Distributions of secondary structure elements in epitopes. Major secondary structure elements such as loops, helices, and sheets have been incorporated. These elements and their frequency of distribution have been represented on the x and y axes, respectively

3.3 Evolutionary conservation of epitopes

Functional regions on protein surfaces tend to be evolutionarily conserved relative to other regions (Zhou and Shan 2001). Epitopes may overlap such functional regions due to shared constraints imposed by the nature of protein–protein interactions. If so, epitopes should be more evolutionarily conserved than the remaining antigen surfaces. But epitopes are enriched with unorganized secondary structures (loops). It is claimed that amino acid replacements in surface loops usually do not perturb the three-dimensional structure of the protein, since surface loops are relatively flexible (Saunders and Baker 2002). Thus, the conservation variability of epitopes might be biased by the abundance of loops in epitopes. These results imply that epitopes do not tend to overlap functional regions, but rather cover separate regions.

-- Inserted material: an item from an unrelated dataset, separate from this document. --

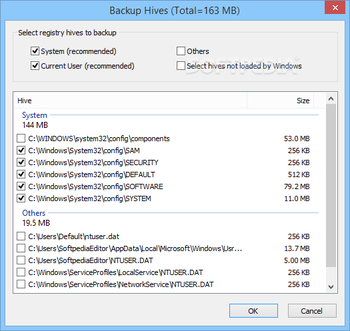 The tool shows the full path and size of each hive to give you the possibility to handpick the exact ones you want to include in the backup operation while excluding the rest. RegBak takes a snapshot of the current registry to copy each selected hive in the specified directory and to create an INI configuration file necessary to restore settings.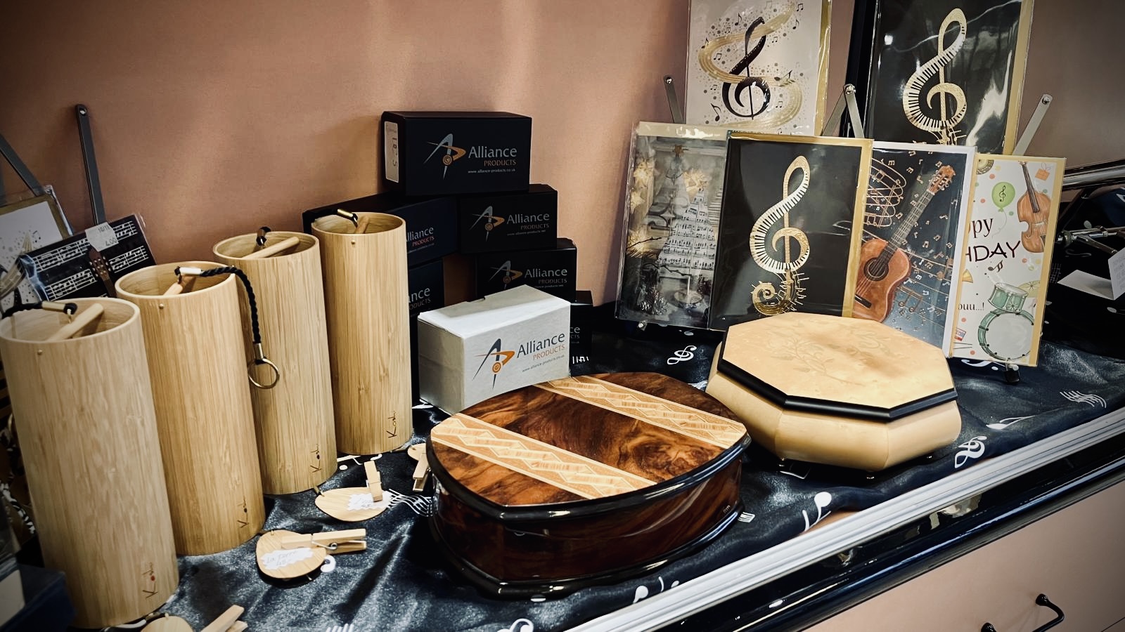 L’entreprise offre une magnifique exposition de pianos à queue et piano droits sur 2 étages, de percussions et d’instruments à vent, ainsi qu'un superbe Guitar Shop avec un atelier de réparation de guitare entièrement consacré et spécialisé à la guitare et au travaux de lutherie.

This study also proposed some new directions for further analysis of this kind of dataset. One such approach could be the comparative analysis using various available tools/servers/databases under similar conditions and parameters to check the performance of these methods. Such kind of analyses also provide robust and repetitive data which could help experimental biologists to verify it experimentally (Gupta et al. 2011). This kind of approach could also be applied to other pathogens and diseases. The generated data could also be implicated in the development of novel prediction methods for linear and discontinuous epitope vaccine candidates by applying machine-learning techniques.

4 Conclusion

The predicted epitopes from the genome/proteome sequences of the pathogens would greatly reduce the time as well as cost and be useful for experimental planning in the development of epitope vaccines. We have predicted numerous epitopes in OMV proteins, which would be useful for the earlier identification of meningitis and septicemia. The predicted epitopes may be used for safe vaccine development against meningococcal diseases. Epitopes are enriched with charged and polar residues and depleted of hydrophobic ones. Epitopes are enriched in loops and depleted in helix to beta strands. The lack of conservation can be partially explained by the enrichment of loops in epitopes, as they are relatively tolerant to amino acid replacements. An additional explanation for the lack of epitope conservation involves self-tolerance, as the conserved regions of antigen, which are expected to have much lower potential for eliciting an immune response, may also present in the host itself. These results have important implications for the development and use of vaccines based on epitopes of OM proteins subsequent to in vitro validations. However, all the findings of this study will definitely aid in the process of vaccine design.